Add custom Apache Hive libraries when creating your HDInsight cluster
Learn how to pre-load Apache Hive libraries on HDInsight. This document contains information on using a Script Action to pre-load libraries during cluster creation. Libraries added using the steps in this document are globally available in Hive - there is no need to use ADD JAR to load them.
How it works
When creating a cluster, you can use a Script Action to modify cluster nodes as they are created. The script in this document accepts a single parameter, which is the location of the libraries. This location must be in an Azure Storage Account, and the libraries must be stored as jar files.
During cluster creation, the script enumerates the files, copies them to the
/usr/lib/customhivelibs/ directory on head and worker nodes, then adds them to the
hive.aux.jars.path property in the
core-site.xml file. On Linux-based clusters, it also updates the
hive-env.sh file with the location of the files.
Using the script actions in this article makes the libraries available in the following scenarios:
- Linux-based HDInsight - when using a Hive client, WebHCat, and HiveServer2.
- Windows-based HDInsight - when using the Hive client and WebHCat.
For Linux-based clusters: https://hdiconfigactions.blob.core.windows.net/linuxsetupcustomhivelibsv01/setup-customhivelibs-v01.sh
For Windows-based clusters: https://hdiconfigactions.blob.core.windows.net/setupcustomhivelibsv01/setup-customhivelibs-v01.ps1
Linux is the only operating system used on HDInsight version 3.4 or greater. For more information, see HDInsight retirement on Windows.
The scripts must be applied to both the Head nodes and Worker nodes.
The jars you wish to install must be stored in Azure Blob Storage in a single container.
The storage account containing the library of jar files must be linked to the HDInsight cluster during creation. It must either be the default storage account, or an account added through optional configuration.
The WASB path to the container must be specified as a parameter to the Script Action. For example, if the jars are stored in a container named libs on a storage account named mystorage, the parameter would be wasb://email@example.com/.
This document assumes that you have already created a storage account, blob container, and uploaded the files to it.

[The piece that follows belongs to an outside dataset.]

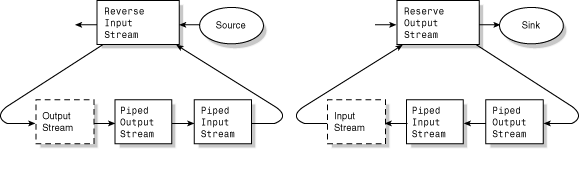 The PipedInputStream and PipedOutputStream classes are interesting because they connect to each other, enabling one part of your Java program to read output produced by another part. Usually the two parts that use the piped streams (called the producer and the consumer) are in different threads, to minimize the possibility of causing a deadlock. However, even in different threads, it's possible to have a deadlock. For example, the consumer might be blocked while waiting on the producer to write more data, while at the same time the producer can't finish computing the data until the consumer takes some additional action. Use the piped streams with care. (See Chapter 6, "Effective Use of Threads," for more information about using Java threads.)

If you have not created a storage account, you can do so through the Azure portal. You can then use a utility such as Azure Storage Explorer to create a container in the account and upload files to it.
Create a cluster using the script
The following steps create a Linux-based HDInsight cluster. To create a Windows-based cluster, select Windows as the cluster OS when creating the cluster, and use the Windows (PowerShell) script instead of the bash script.
You can also use Azure PowerShell or the HDInsight .NET SDK to create a cluster using this script. For more information on using these methods, see Customize HDInsight clusters with Script Actions.
Start provisioning a cluster by using the steps in Provision HDInsight clusters on Linux, but do not complete provisioning.
On the Optional Configuration section, select Script Actions, and provide the following information:
NAME: Enter a friendly name for the script action.
HEAD: Check this option.
WORKER: Check this option.
ZOOKEEPER: Leave this blank.
PARAMETERS: Enter the WASB address to the container and storage account that contains the jars. For example, wasb://firstname.lastname@example.org/.
At the bottom of the Script Actions, use the Select button to save the configuration.
On the Optional Configuration section, select Linked Storage Accounts and select the Add a storage key link. Select the storage account that contains the jars. Then use the select buttons to save settings and return the Optional Configuration.
To save the optional configuration, use the Select button at the bottom of the Optional Configuration section.
Continue provisioning the cluster as described in Provision HDInsight clusters on Linux.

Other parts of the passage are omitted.